* WHAT IS EXPECTED
Retype all the records below exactly as they are, with no image carried over.

* PROVIDED DATA

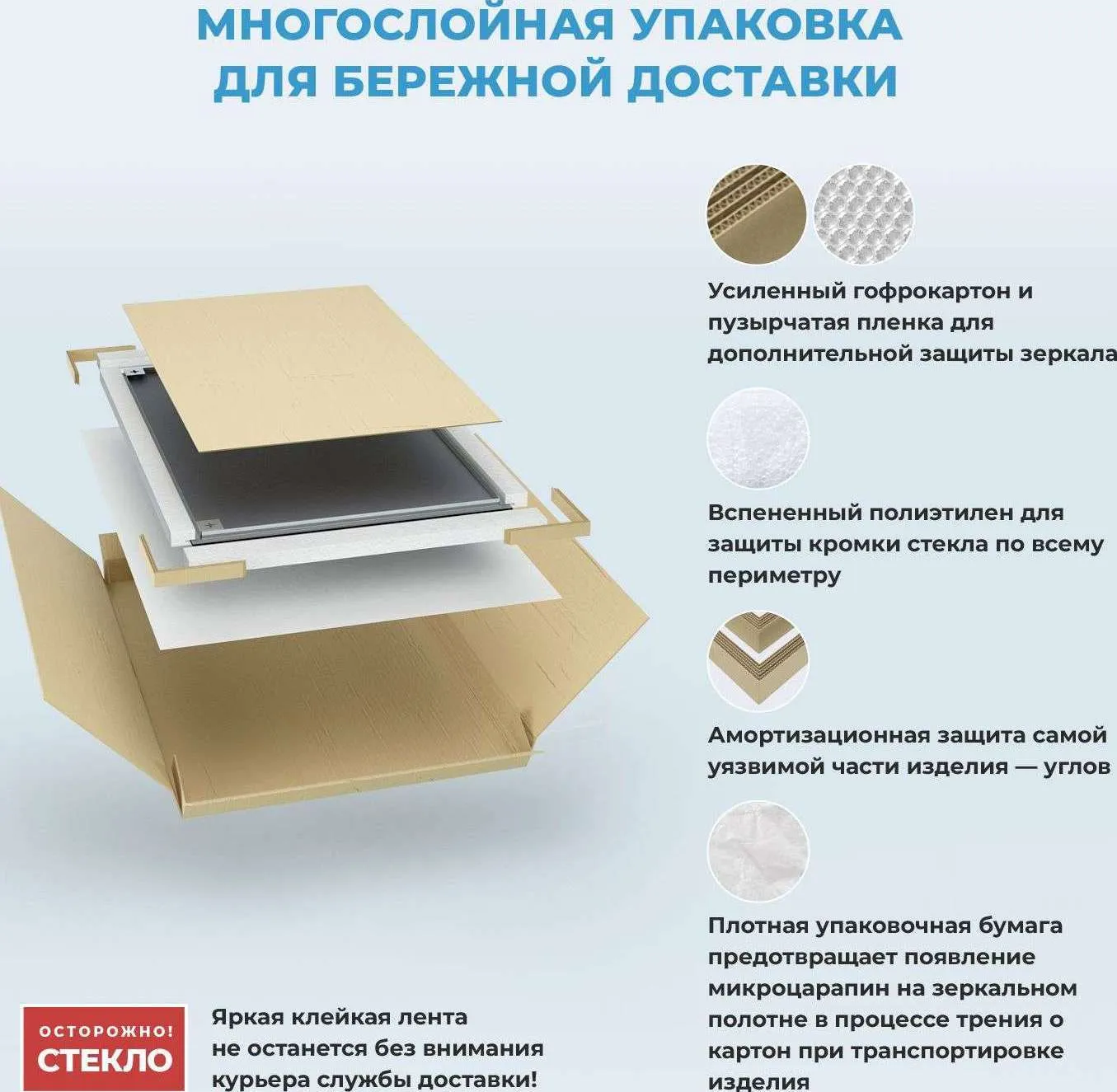 Каждое зеркало тщательно упаковано. Многослойная упаковка из плотного гофрированного картона и пузырчатой пленки защищает все элементы от трещин и сколов, а специальная бумага – от появления микроцарапин на зеркальном полотне. На углы установлена дополнительная защита, а кромка зеркала со всех сторон укрыта вспененным полиэтиленом. Бережное отношение во время транспортировки, погрузки и разгрузки помогает сохранить геометрию конструкции, а каждую позицию из заказа доставить в первозданном виде. В комплект входит инструкция и крепежный комплект.
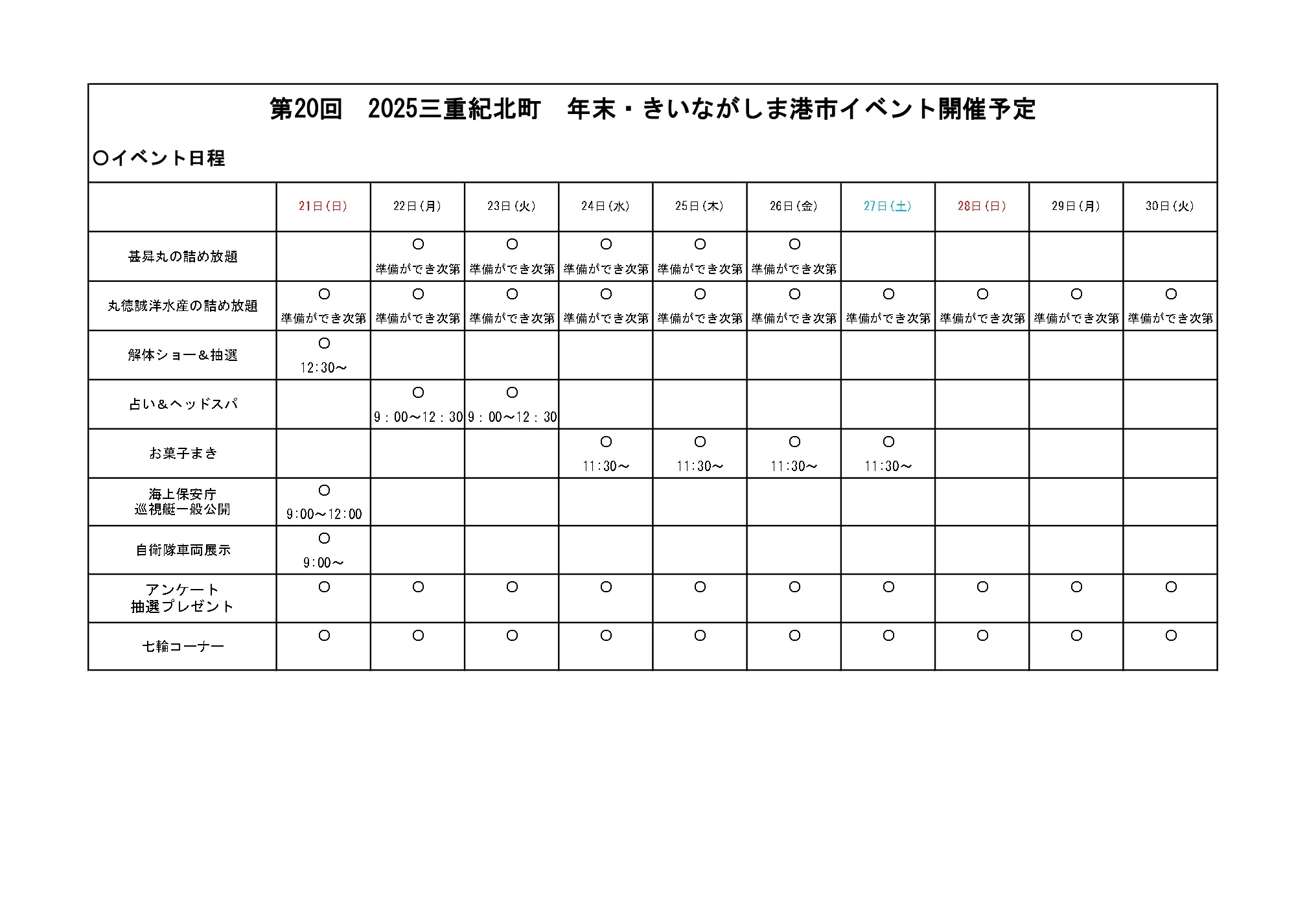 ※当日の天候や漁によって開催が中止になる場合がありますのでご了承ください。
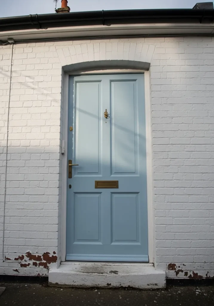 Here we have a soft powder blue door set against white brick, complete with a classic mail slot and subtle molding details. The slightly raised step and curved top frame add a traditional touch, while the muted color keeps it feeling fresh. The proportions are charming and perfectly suited to a cozy terrace home.
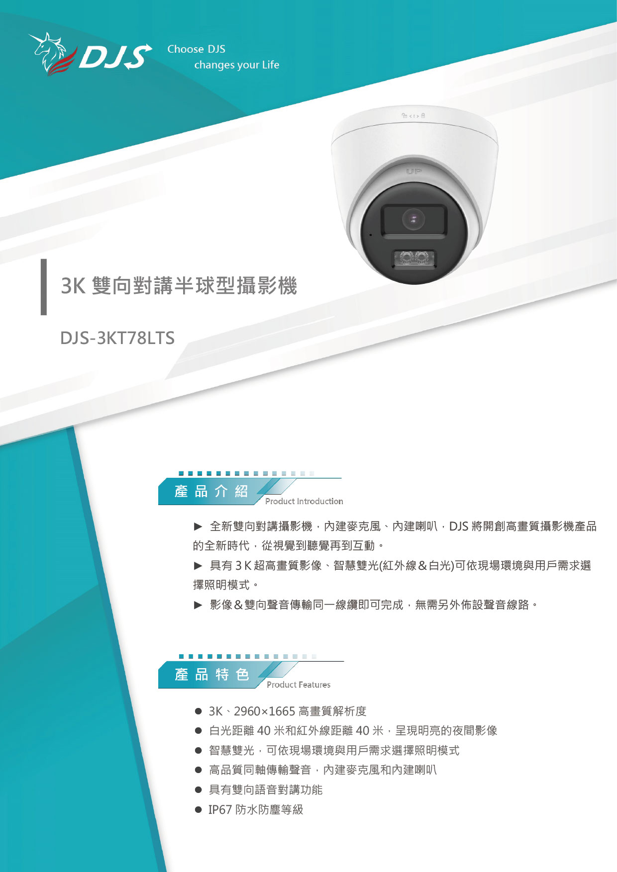 3K雙向對講半球型攝影機
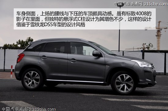 車身側(cè)面,上揚的腰線與下壓的車頂頗具動感。雖有標(biāo)致4008的影子在里面,但獨特的懸浮式C柱設(shè)計為其增色不少,這樣的設(shè)計借鑒于雪鐵龍DS5車型的設(shè)計風(fēng)格。
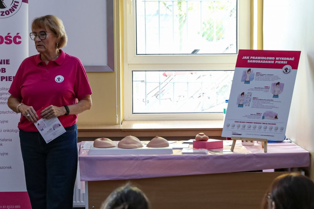 Uczestniczki mogły wysłuchać wartościowych informacji, ale także w praktyce – przy użyciu specjalnych fantomów – nauczyć się, jak wykonywać samobadanie piersi. Spotkanie było przestrzenią do rozmowy o zdrowiu, świadomości siebie i odwadze w dbaniu o własne bezpieczeństwo.
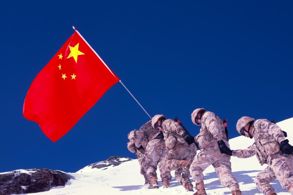 西藏军区某边防团标沙拉错哨点官兵巡逻到点位后展示国旗(2023年4月22日摄)。叶元林 摄
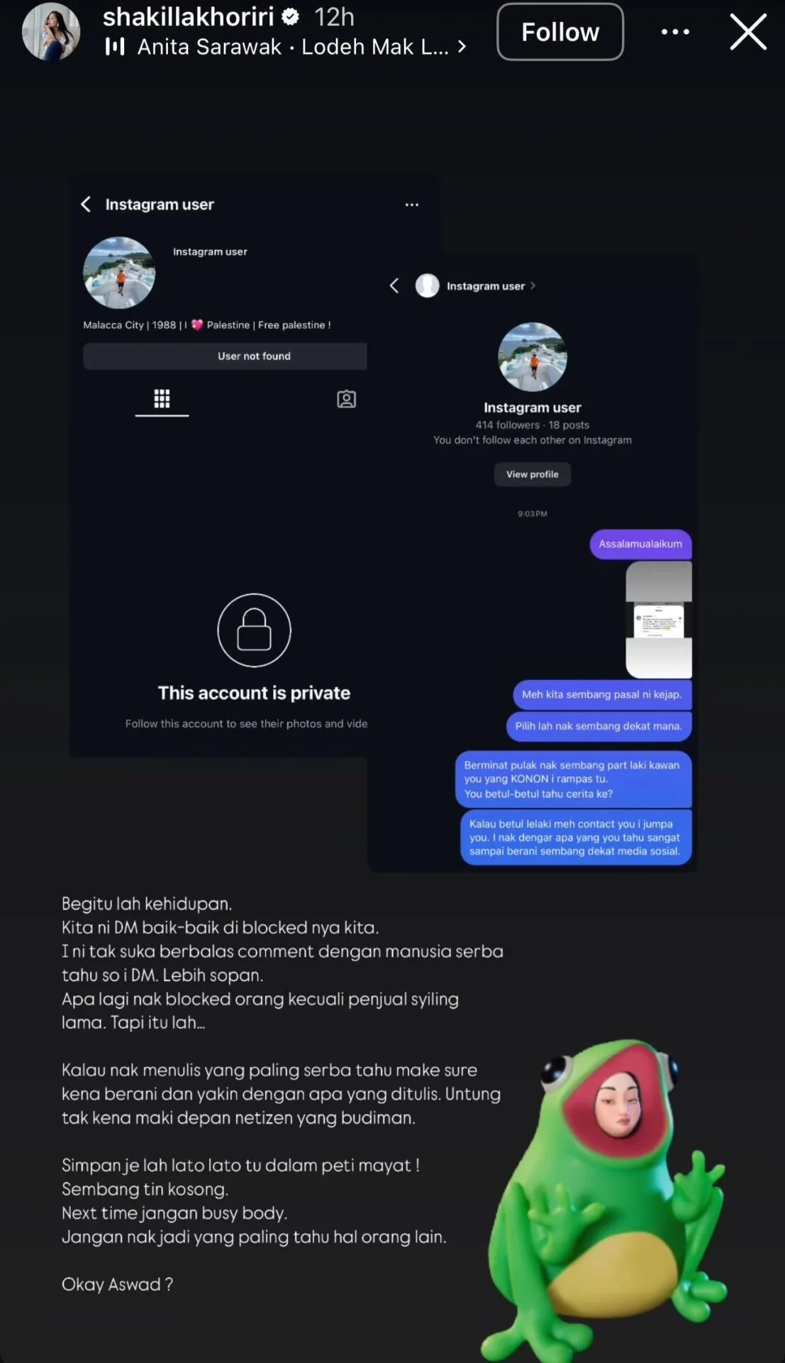 Dalam pada itu, Shakilla turut meluahkan rasa kesal terhadap netizen terlibat yang telah menyekatnya di Instagram selepas pelakon ini menghantar DM (Direct Message) secara baik.

* TASK ANSWER
 Каждое зеркало тщательно упаковано. Многослойная упаковка из плотного гофрированного картона и пузырчатой пленки защищает все элементы от трещин и сколов, а специальная бумага – от появления микроцарапин на зеркальном полотне. На углы установлена дополнительная защита, а кромка зеркала со всех сторон укрыта вспененным полиэтиленом. Бережное отношение во время транспортировки, погрузки и разгрузки помогает сохранить геометрию конструкции, а каждую позицию из заказа доставить в первозданном виде. В комплект входит инструкция и крепежный комплект.
 ※当日の天候や漁によって開催が中止になる場合がありますのでご了承ください。
 Here we have a soft powder blue door set against white brick, complete with a classic mail slot and subtle molding details. The slightly raised step and curved top frame add a traditional touch, while the muted color keeps it feeling fresh. The proportions are charming and perfectly suited to a cozy terrace home.
 3K雙向對講半球型攝影機
 車身側(cè)面,上揚的腰線與下壓的車頂頗具動感。雖有標(biāo)致4008的影子在里面,但獨特的懸浮式C柱設(shè)計為其增色不少,這樣的設(shè)計借鑒于雪鐵龍DS5車型的設(shè)計風(fēng)格。
 Uczestniczki mogły wysłuchać wartościowych informacji, ale także w praktyce – przy użyciu specjalnych fantomów – nauczyć się, jak wykonywać samobadanie piersi. Spotkanie było przestrzenią do rozmowy o zdrowiu, świadomości siebie i odwadze w dbaniu o własne bezpieczeństwo.
 西藏军区某边防团标沙拉错哨点官兵巡逻到点位后展示国旗(2023年4月22日摄)。叶元林 摄
 Dalam pada itu, Shakilla turut meluahkan rasa kesal terhadap netizen terlibat yang telah menyekatnya di Instagram selepas pelakon ini menghantar DM (Direct Message) secara baik.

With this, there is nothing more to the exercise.